The Futility of Forecasting
Can you determine now if the office space you are planning to lease will be big enough for your growing company in five years? Can you determine right now if the used car you covet on a dealers lot will be break down after the warranty expires? Can you determine right now how many customers your new company will have in five years? NO. Forecasting the future is impossible. Stuff happens that you can't anticipate, and for us "stuff" has proven to be miracles, unforeseen opportunities, and unexpected gifts.
June is the birthday of our idea. It's been one year since I first shared the twenty page draft of our mission plan with people. I spent hours considering what we would do in the first six months, and eventually extended that draft to include an 18 month mission plan. It's been six months since we officially embarked on this journey and I don't remember when I last glanced at the document.
That doesn't mean we stopped planning. It does mean that our planning cycles are shorter. Some part of this shift is due to a realization that it takes twice as long to do something than you think it will due to challenges that you can't anticipate and an unrealistic (inflated) sense of our own capabilities.

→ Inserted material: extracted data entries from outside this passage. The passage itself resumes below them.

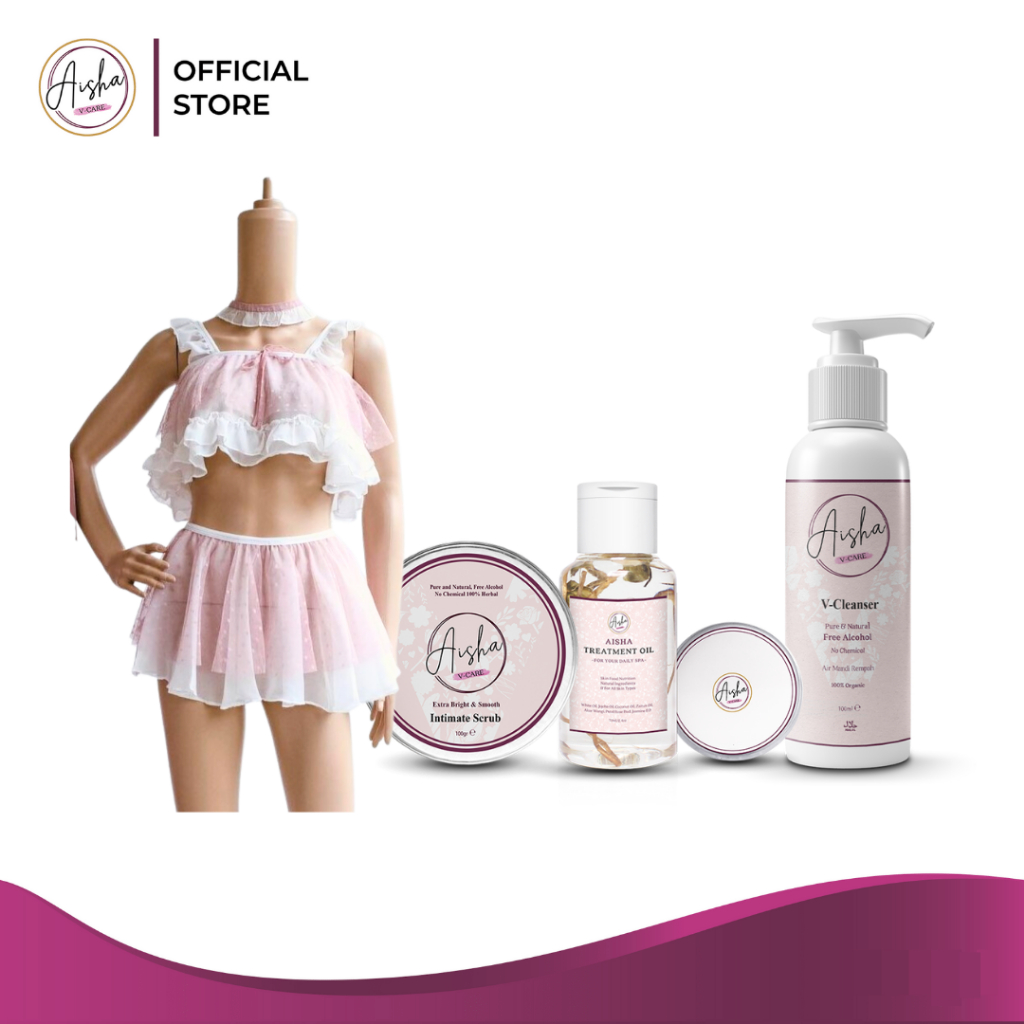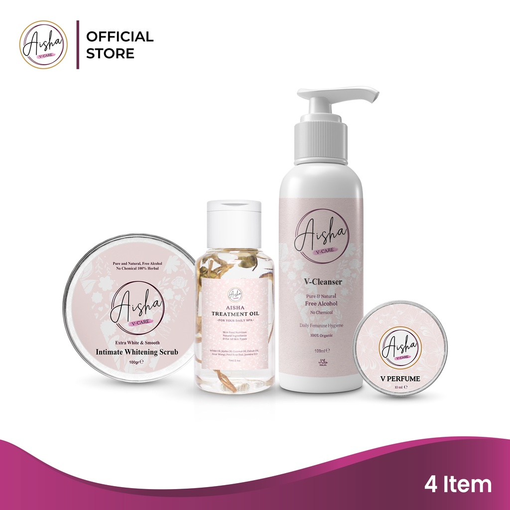 Terdiri dari 4 (empat) produk unggulan: - Aisha V-Cleanser: Efektif membersihkan area kewanitaan, mengatasi dan menghilangkan keputihan, menghilangkan gatal, iritasi, dan juga bau tak sedap di sekitar area kewanitaan. - Aisha V-Perfume: Efektif menghilangkan bau tak sedap di sekitar area kewanitaan, mencegah darah menstruasi/nifas keluar kembali setelah bersuci. - Aisha Intimate Whitening Scrub: Membantu mencerahkan, menghaluskan, dan mengurangi lipatan gelap di sekitar area kewanitaan, selangkangan, ketiak, bokong, atau area lipatan tubuh lainnya. - Aisha Treatment Oil: Diformulasikan khusus untuk perawatan kulit wajah dan tubuh efektif memberikan ekstra nutrisi pada kulit/skin food, menghapus sisa make-up, mencegah penuaan dini, melembapkan dan meremajakan kulit, serta melembutkan kulit kering dan bersisik.
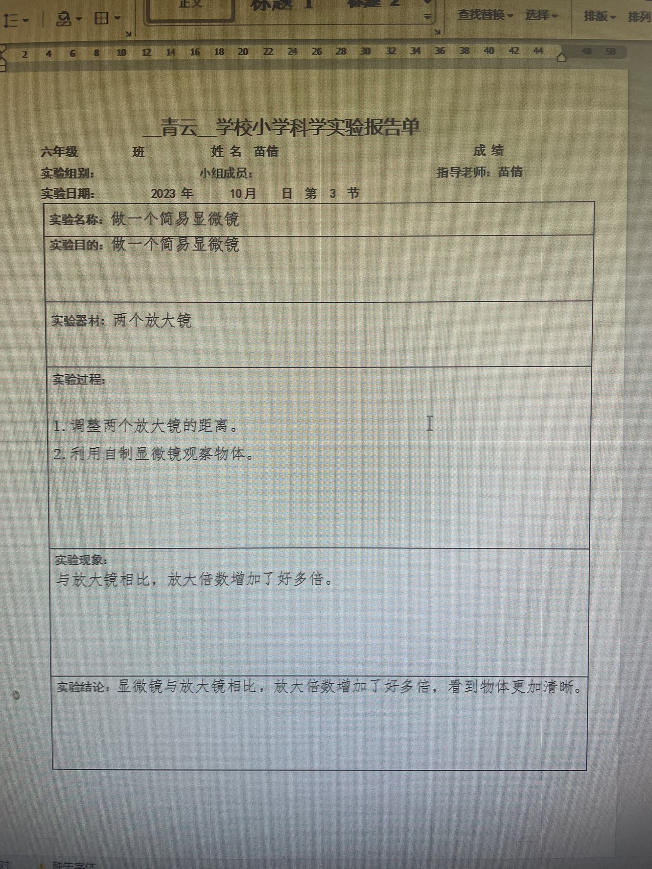 实验教师:苗倩
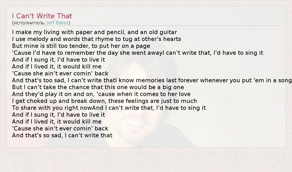 А как ты думаешь, о чем песня "I Can't Write That" ?

But a larger reason for this shift is due to a realization that opportunities will surface that we never imagined.
Three examples of our 18 month mission plan going sideways for good are:
1) Spot on Blanding, our downtown gathering space. I looked for office space large enough for one person and a laptop, about 150 sq/ft. God provided almost 1,000 sq/ft and the resources to renovate it into a welcoming place people wanted to be.
2) Suzanne Bates Mueller, our staff assistant. I wrote a job description for an "assistant to the pastor." We got a partner in ministry capable of much more than pushing paper and scheduling appointments.

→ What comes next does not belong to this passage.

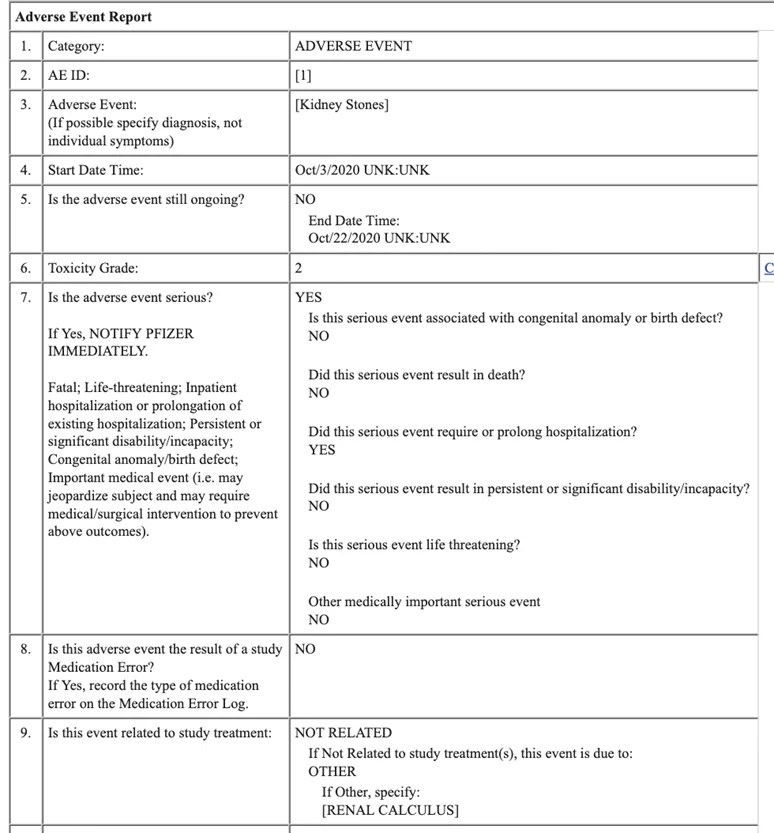Étant donné que ce participant n’avait pas d’antécédents d’insuffisance rénale avant de prendre part à l’essai et que des calculs rénaux et une insuffisance rénale ont été signalés comme des effets secondaires du vaccin Pfizer-BioNTech, on peut se demander pourquoi ces EI n’ont pas fait l’objet d’un examen plus approfondi pour déterminer s’ils étaient liés au traitement de l’étude, en particulier lorsqu’ils sont apparus un mois seulement après la deuxième dose de traitement.
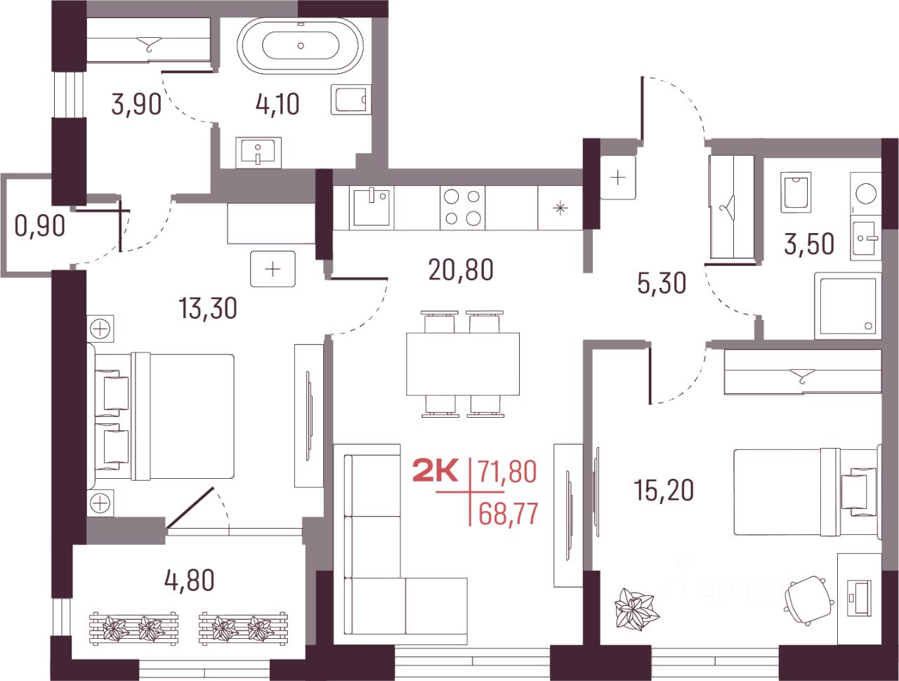 продам 2-к, Академика Ландау, 19.2 стр.10 968 815 ₽

3) The Reveal, our monthly preview worship service. I looked forward to taking a year off from preaching and leading worship so that we could prepare for our launch. The Reveal, which crawls around downtown with a different band, venue, and style each month, is now central to our preparation for an eventual launch.

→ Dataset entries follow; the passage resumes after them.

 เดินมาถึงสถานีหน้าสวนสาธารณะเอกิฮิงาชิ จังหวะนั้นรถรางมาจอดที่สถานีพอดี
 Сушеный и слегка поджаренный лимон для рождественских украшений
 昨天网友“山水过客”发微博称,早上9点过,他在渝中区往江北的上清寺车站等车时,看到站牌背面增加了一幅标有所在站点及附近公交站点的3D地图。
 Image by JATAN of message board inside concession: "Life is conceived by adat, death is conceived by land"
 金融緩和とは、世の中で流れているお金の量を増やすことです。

In the Bible, God tells Abraham, the father of our faith, to leave everything that he knows and GO. The startling thing about this command is that God does not tell Abraham where to go. God just says GO, or better yet, LEAVE. So Abraham wanders for decades, encounters challenges and opportunities along the way that weren't in his mission plan, and eventually arrives. The narrative spends a disproportionate number of words describing the call/command to GO relative to the rest of the story. Going, starting, leaving, taking the first step, we know, is the most difficult part of any journey. Planning, modeling, preparing, forecasting, we also know, is our way of putting off GO.
The next time you hear a teeny tiny voice compelling you to start something new, save the energy and time you'd normally expend forecasting where you think you'll end up, and put it towards starting. Trust me, starting is the hardest part and forecasting is futile.